Replicate PostgreSQL database using RServ and ssh

2003-08-04 Dobrica Pavlinusic <dpavlin@rot13.org>

This HOWTO is based on Setting up RServ with PostgreSQL but with replication to remote host with ssh security. It's written for Debian GNU/Linux, so if you are using something else, you might have to adjust paths to commands.

You should also note that this HOWTO uses RServ utilities from RServ improved by community which is special version improved by Nélio Alves Pereira Filho and myself.

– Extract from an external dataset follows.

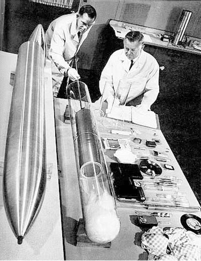 這個(gè)穿越時(shí)空的禮物,有著鉻銅合金制成的外殼,看起來就像一個(gè)兩米長的巨大的子彈。它里面所裝載的,除了那些讓當(dāng)時(shí)人們自豪的科學(xué)發(fā)明和日常用品,還包括一段紀(jì)錄片、存有超過1000萬字文檔的微縮膠片,以及三位“對(duì)時(shí)代做出巨大貢獻(xiàn)”的人給后代的留言,其中就包括愛因斯坦。

However, special care has been taken to make RServ 0.3 work with normal RServ 0.1 PostgreSQL module so that you can just install postgresql-contrib package and just perl scripts from RServ 0.3 (this makes upgrades easy). You will have to do this only on master host. Slave host doesn't need postgresql-contrib package or RServ installation.

Bare in mind that RServ in PostgreSQL contrib, is version 0.1. While I haven't had any problems using it, PostgreSQL, Inc. is actively working on eRServer with more features, including HA.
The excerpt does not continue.